Yo me había propuesto olvidar todo lo acontecido, y pensar que fue una charla de borrachos, ¿y los accidentes?, pues el azar. Y no habría contado todo esto si no fuera porque el domingo pasado han sido las elecciones y me han dicho que la nueva alcaldesa del pueblo ha dispuesto un presupuesto para preservar la Iglesia y convertir Valdehorna en un lugar de turismo rural, como Anento o la misma Daroca; comenzarían reparando los cimientos de la Iglesia, y por supuesto la misma cripta. El cura y yo nos habíamos opuesto a esta construcción, de tácito acuerdo, por razones diferentes, hace dos días mi amigo incrédulo me dijo que intentaría bajar a la cripta y romper la pared y el símbolo borroso de Salomón para demostrarme que todo es mentira y que allí solo hay huesos. Le dije que no lo hiciera, que solo aceleraría el fin, que yo no podía permitírselo. Ahora en el pueblo están preocupados porque no se sabe nada de él, desde entonces no han tenido noticias suyas, alguien ha dicho que debe de estar fuera de Valdehorna en una de sus visitas pastorales a los pueblos cercanos.

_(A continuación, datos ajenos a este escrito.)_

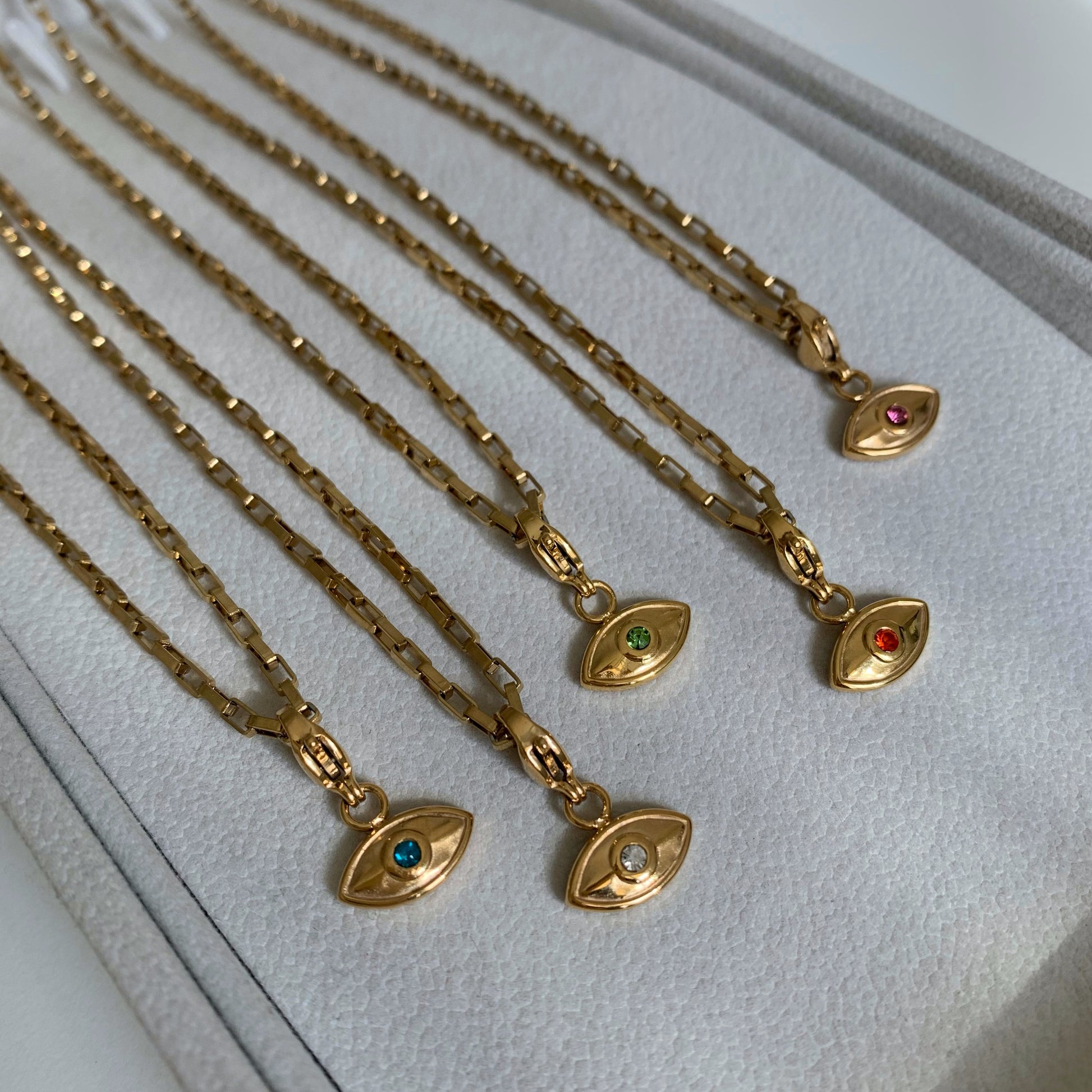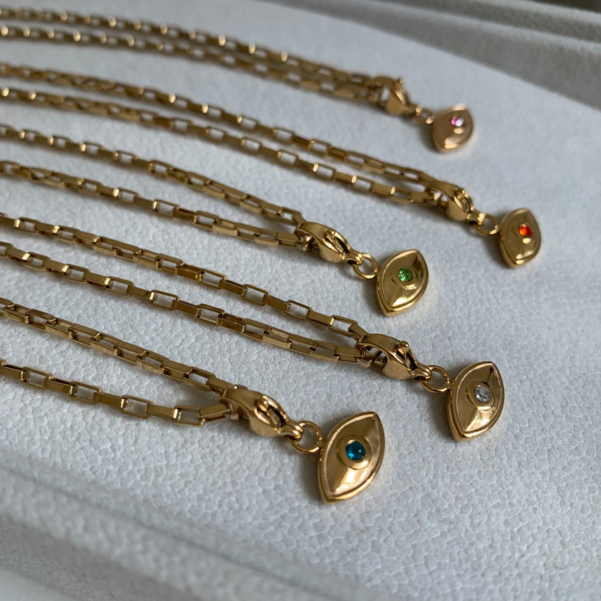 La catenina, sottile e delicata, con maglie piccole rettangolari. Il simbolo dell'occhio, oltre a essere un dettaglio estetico affascinante, è noto per la sua funzione protettiva, capace di allontanare le energie negative e portare fortuna a chi lo indossa.

He vuelto a rezar a un Dios crucificado con el rosario que me dejó mi amigo el párroco, tal vez sea un dios falso pero un dios que al menos me da cierta tranquilidad, he pensado que seguramente el viejo Lavilla no estaba loco, nada de eso, ni su muerte fue tan azarosa y que tal vez ni siquiera fue por cáncer. Repito, me han llamado cobarde, traidor, cambia casacas, pero solo os he advertido, el ser está en la cripta, esperando en la oscuridad y solo una gota, una sola gota de luz, una pequeña resquebrajadura en el sello bastará para que salga al mundo. No he dormido en toda la noche. Está amaneciendo y hoy comienzan las reparaciones generales de la iglesia de Valdehorna, ayer la alcaldesa, una mujer bonachona que milita las filas del PP, me ha confirmado con verdadera alegría que comenzarán por la cripta la reconstrucción, acabo de ver pasar a los obreros con sus instrumentos de albañilería, picos, palas. Van animados, cantando una jota picante, los he visto mientras cubro el cadáver de mi amigo que está tirado en mi sala, el joven párroco de Valdehorna, he dicho que no podía permitir que abriera la cripta, pero no lo pude convencer, ya resucitará el Día del Juicio Final, ahora agarraré el ensangrentado martillo de armas y saldré a la calle, tal vez ya no se atrevan a llamarme mentiroso, no sé si podré matar a tiempo a todos los albañiles y peones antes de que abran la cripta y desencadenen el horror absoluto sobre el mundo.
Que cualquier Dios nos agarre confesados.